I bought the Watch for what happened last night

Discussion in 'Apple Watch' started by Ntombi, Dec 15, 2018.

  1. sean000 macrumors 65816


    Jul 16, 2015
    Bellingham, WA
    If your tachycardia presents with no other symptoms, heart-related risk factors, or obvious underlying causes then many doctors probably would tell you not to worry unless it becomes frequent and is noticeable (you feel it even without your watch alerting you). If it is frequent then you should see a doctor willing to take it more seriously. Some years ago I was feeling all kinds of flip flops in my chest as well as occasional tachycardia. My doctor referred me to a cardiologist who had me wear a Holter monitor for a couple of weeks. It did not detect any abnormal rhythms (like AFib), so he said it likely was anxiety. This was during the recession, which was a very stressful time for my family. The fact that I had it checked out by a cardiologist and was reassured helped my anxiety about it tremendously, and I was able to focus on reducing my anxiety knowing that was the likely cause. After another month the episodes stopped. Even though it turned out that I had no heart problems, getting referred to a cardiologist ended up being a positive thing because it helped eliminate the symptoms I was having.

    I’m not a doctor, so take this with a grain of salt. Doctors vary in how agressive they are with testing and treatment. My brother is a doctor and he disagrees sometimes with how casually other doctors treat certain types of symptoms or information (he has told certain family members that they need to insist on a test from time to time). That said he will also tell you if he thinks you’re just being anxious and getting worked up for little reason. Doctors don’t just listen to your body. They also take into account your risk factors for certain conditions. The more risk factors you have, the more likely they are to recommend further testing or examination.

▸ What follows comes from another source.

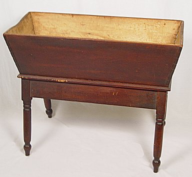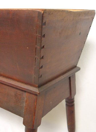 19TH C PINE DOUGH BOX WORK TABLE: Two board flat top work surface completely lifts off to expose the dough box. Splayed and turned legs. Dovetail and square nail construction. 28''h, x 41'' x 20 1/2''.

    Some doctors see devices like the Apple Watch as a positive that helps keep patients engaged with their health, and others see it as a tool for gathering useless metrics in an uncontrolled way that will do more harm than good. They worry it will increase hypochondria and lead to tests and treatments that cause the patient unnecessary pain and anxiety. The reality is that it is likely to do both. Personally I’m glad my doctor is willing to include this type of data in a conversation. That doesn’t mean he will always find it useful, but it might be useful in the future depending on what else is going on with my health. Context is everything.
  2. oeagleo macrumors 6502


    Feb 5, 2016
    West Jordan, Utah
    I think just for shitzengiggles, I'd get a second opinion if that high heartbeat was showing regularly, or at least consistently.
  3. Ntombi thread starter macrumors 68040


    Jul 1, 2008
    Bostonian exiled in SoCal
    That would be alarming for me. No one should blindly follow new tech, nor should they dismiss it out of hand. He sounds hidebound against anything he didn’t learn in med school, and that would mean I’d be looking for a new doctor.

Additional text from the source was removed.